With the pictures left out, copy the records below exactly from the first line down to the line holding "위에는 r , w , x", and include that line.

(Data records)
────────────────

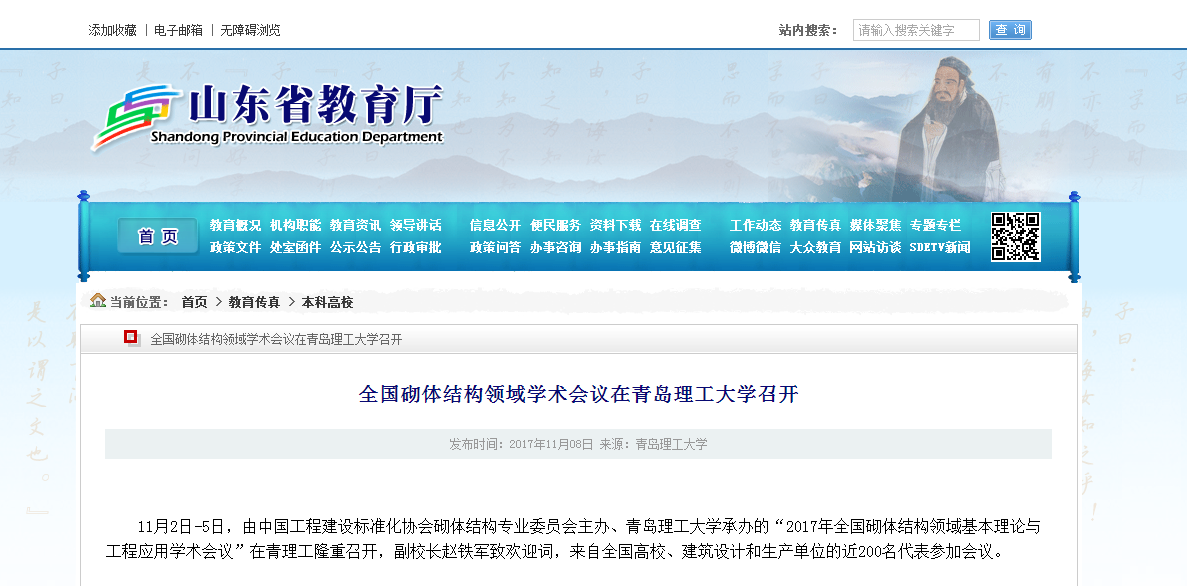 11月2日-5日,由中国工程建设标准化协会砌体结构专业委员会主办、Bwin·必赢唯一官方网站承办的“2017年全国砌体结构领域基本理论与工程应用学术会议”在青理工隆重召开,副校长赵铁军致欢迎词,来自全国高校、建筑设计和生产单位的近200名代表参加会议。
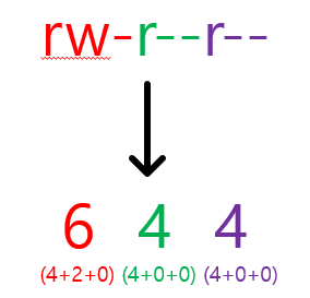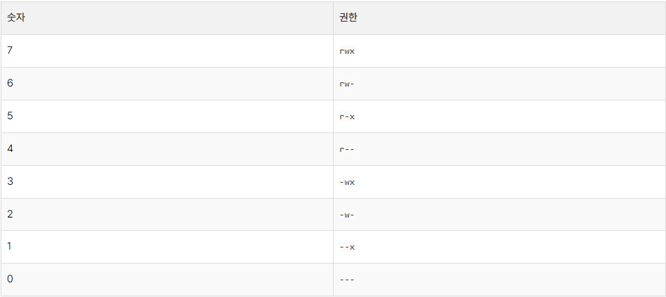 위에는 r , w , x , - 의 4가지 형태로 10자리 표현이 되었다면, 숫자 형태는 3자리로 표현됩니다
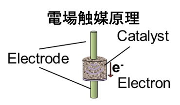 そこで、雷のような高電圧を従来のような触媒反応場に印加する『電場触媒』という技術に着目し、二酸化炭素・メタンの回収・資源化の低コスト・低エネルギー化を目指し、企業ともスクラムを組みながら、早期の社会実装に向けて、日々研究に取り組んでいる。
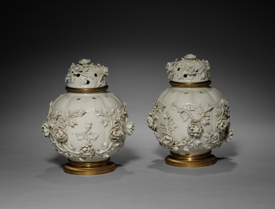 These vases were likely made by the celebrated Parisian ceramics firm of Edmé Samson (1810-91). To cater to the resurgence in taste for 18th-century designs, the Samson firm specialized in making reproductions of rare 18th-century European porcelains, especially those from firms that had already copied Chinese porcelains. In this case, these vases are designs taken from models produced by the St. Cloud factory in the 1750s after earlier Qing dynasty Chinese ceramics. However, the telltale sign that these vases are made by Samson and not St. Cloud is that the originals would have been made from a soft-paste porcelain (fired at a lower temperature), while these examples are made of hard-paste porcelain (fired at the highest temperature).
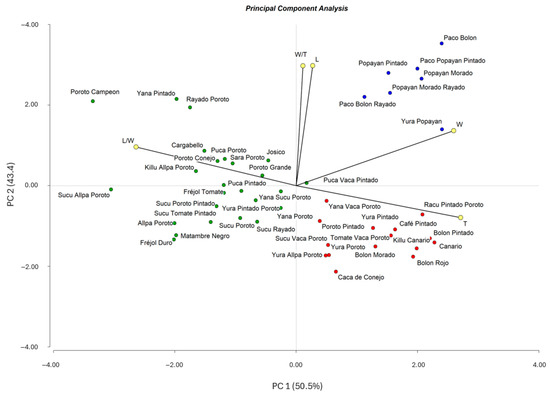 Principal component analysis showed that 94% of the variation was explained by PC1 and PC2 (Figure 4 and Table 4). The first principal component (PC1) explained the highest percentage of variance (51%), and it was correlated with seed thickness (T) and the ratio L/W. The second principal component (PC2) justified 43% of the variation and was highly correlated with the seed length (L) and the ratio W/T. Most of the landraces of G1 were located on the right side of the plot (red circles). The P. coccineus landraces were concentrated in the upper right quadrant (blue circles), exhibiting a distinct boundary from the other groups. Landraces from G2 and G3 were placed on the left side of the plot (green circles). There were also outliers in the group, represented by landraces Poroto Campeon, Sucu Allpa Poroto, Yana Pintado, and Rayado Poroto.

────────────────

* **ANSWER SECTION**:
 11月2日-5日,由中国工程建设标准化协会砌体结构专业委员会主办、Bwin·必赢唯一官方网站承办的“2017年全国砌体结构领域基本理论与工程应用学术会议”在青理工隆重召开,副校长赵铁军致欢迎词,来自全国高校、建筑设计和生产单位的近200名代表参加会议。
 위에는 r , w , x , - 의 4가지 형태로 10자리 표현이 되었다면, 숫자 형태는 3자리로 표현됩니다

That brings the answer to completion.